A Low-Cost, Scalable Agentic RL Training Framework for Deep Research Agent

Paper Project Models Datasets Live Demo License

If you like our project, please give us a star ⭐ on GitHub for the latest update.

News

2026-06

2026-04

  • 🎯 RL model weights released (LiteResearcher-4B)
  • 📈 Evaluation code & project page released

LiteResearcher-4B is a 4B deep research agent that matches frontier systems at a fraction of the size — trained with $0 marginal API cost by replacing live-web interaction with a stable local search/browse environment that mirrors real-world search dynamics.

Highlights

  • Open-source SOTA71.3% GAIA / 78.0% Xbench-DS, beating 30B open-source agents and surpassing Claude-4.5-Sonnet on GAIA and GPT-5-high on Xbench-DS.
  • +15.7 GAIA points from RL — SFT 55.6% → RL 71.3%, vs. only +3.8 for AgentCPM-Explore when training with live web interaction.
  • $0 marginal API cost73.2M local tool calls during RL; the same volume would cost $59K–$243K via live search/browse APIs.

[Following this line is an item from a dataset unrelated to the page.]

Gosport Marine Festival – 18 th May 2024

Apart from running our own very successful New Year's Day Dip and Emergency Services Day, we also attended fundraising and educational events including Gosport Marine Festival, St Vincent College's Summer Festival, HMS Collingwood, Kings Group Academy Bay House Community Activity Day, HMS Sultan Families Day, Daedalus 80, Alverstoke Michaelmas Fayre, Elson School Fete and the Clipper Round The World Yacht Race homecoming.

Left: Xbench-DeepSearch accuracy vs. model size — our 4B model reaches 78.0%, matching/surpassing 100×+ larger systems. Right: Average rollout time and cost per turn — LiteResearcher is the fastest and cheapest.

Results

Comparison across commercial models and open-source deep research agents on eight benchmarks. Best score among ≤8B models is in bold; LiteResearcher-4B leads on 6 of 8.

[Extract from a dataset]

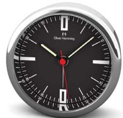
Luminous hands HX80S45B
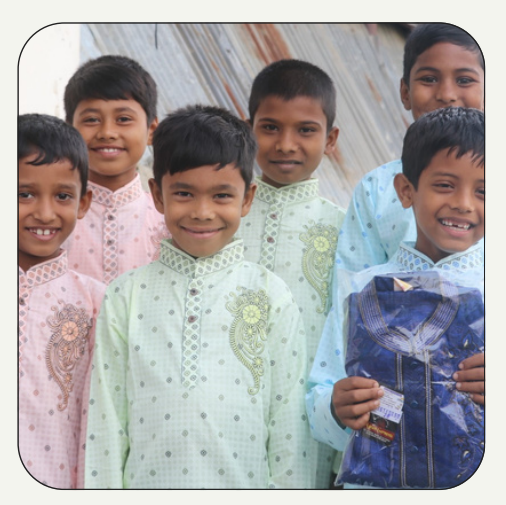
Group-03: Dress Distribution among Creating Champions Students

Across all 8 benchmarks, LiteResearcher-4B is the best ≤8B agent on 6 — Mirothinker-8B leads on BrowseComp and BrowseComp-ZH. Full numbers are also in the paper and training/README.md.

Method Overview

Three pillars enable low-cost, scalable Agentic RL:

  1. Co-construct Training Data & Corpus — Scale up information sources with a simple-but-effective synthesis pipeline, then co-evolve training QA pairs and the local webpage corpus.
  2. Stable Local Tool Environment — Build local search engine (Milvus + BGE-M3) and local browse tool (PostgreSQL) from ~32M real webpages, enabling the RL stage to run fully locally with no API consumption, 10–46× speedup, and zero marginal tool cost.
  3. Difficulty-Aware Curriculum RL — Multi-stage curriculum with on-policy GRPO, filtering tasks by pass@8 difficulty to sustain monotonic improvement.

Trajectory Cases

We release 15 hand-audited rollout trajectories from LiteResearcher-4B across 8 deep-research benchmarks (GAIA, Xbench-DS, Frames, HLE, Seal-0, WebWalker, BrowseComp, BrowseComp-ZH).

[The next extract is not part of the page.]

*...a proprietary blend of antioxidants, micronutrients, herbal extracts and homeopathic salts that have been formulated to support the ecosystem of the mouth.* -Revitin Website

🔎 Live viewer: https://simplexai-labs.github.io/LiteResearcher/cases/

Each trajectory renders 40–170 steps showing the model's thinksearchvisitanswer chain, with tool queries, visited URLs, and tool responses inline. Source data lives under docs/cases/.

Repository Structure

├── inference/              # Inference & evaluation (released)
├── training/               # RL training — GRPO + curriculum (released)
├── datagen/                # Data synthesis (released)
├── environment/            # Local search/browse environment (released)
└── docs/                   # Project page

Quick Start — Evaluation

cd inference
pip install -r requirements.txt
cp .env.example .env
# Edit .env: set MODEL, SERPER_KEY_ID (browser uses Jina Reader by default; set SCRAPEDO_API_KEY only if using BROWSER_PROVIDER=scrapedo)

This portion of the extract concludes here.